== Your goal ==
A word-for-word copy of the data, pictures excluded, is what this task asks for.

== The data ==
###

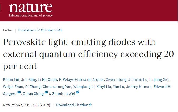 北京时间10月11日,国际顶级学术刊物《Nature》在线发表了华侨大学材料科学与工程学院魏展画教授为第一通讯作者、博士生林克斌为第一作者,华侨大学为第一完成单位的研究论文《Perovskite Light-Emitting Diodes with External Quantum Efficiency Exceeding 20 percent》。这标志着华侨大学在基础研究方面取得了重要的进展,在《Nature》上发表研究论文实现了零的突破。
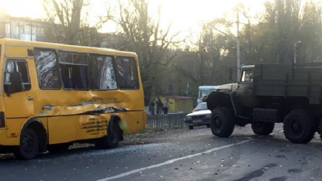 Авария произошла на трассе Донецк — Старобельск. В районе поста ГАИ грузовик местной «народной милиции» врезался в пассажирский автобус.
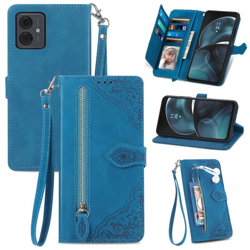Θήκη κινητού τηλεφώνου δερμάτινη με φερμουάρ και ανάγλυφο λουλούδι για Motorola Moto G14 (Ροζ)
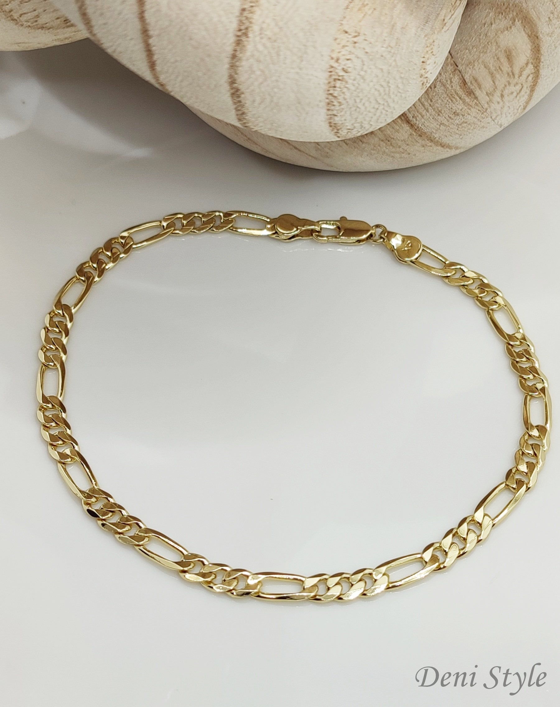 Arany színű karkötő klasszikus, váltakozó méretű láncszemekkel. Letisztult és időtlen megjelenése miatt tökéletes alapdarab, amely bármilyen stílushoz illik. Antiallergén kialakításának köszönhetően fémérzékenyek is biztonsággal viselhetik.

###

== Output below ==
 北京时间10月11日,国际顶级学术刊物《Nature》在线发表了华侨大学材料科学与工程学院魏展画教授为第一通讯作者、博士生林克斌为第一作者,华侨大学为第一完成单位的研究论文《Perovskite Light-Emitting Diodes with External Quantum Efficiency Exceeding 20 percent》。这标志着华侨大学在基础研究方面取得了重要的进展,在《Nature》上发表研究论文实现了零的突破。
 Авария произошла на трассе Донецк — Старобельск. В районе поста ГАИ грузовик местной «народной милиции» врезался в пассажирский автобус.
Θήκη κινητού τηλεφώνου δερμάτινη με φερμουάρ και ανάγλυφο λουλούδι για Motorola Moto G14 (Ροζ)
 Arany színű karkötő klasszikus, váltakozó méretű láncszemekkel. Letisztult és időtlen megjelenése miatt tökéletes alapdarab, amely bármilyen stílushoz illik. Antiallergén kialakításának köszönhetően fémérzékenyek is biztonsággal viselhetik.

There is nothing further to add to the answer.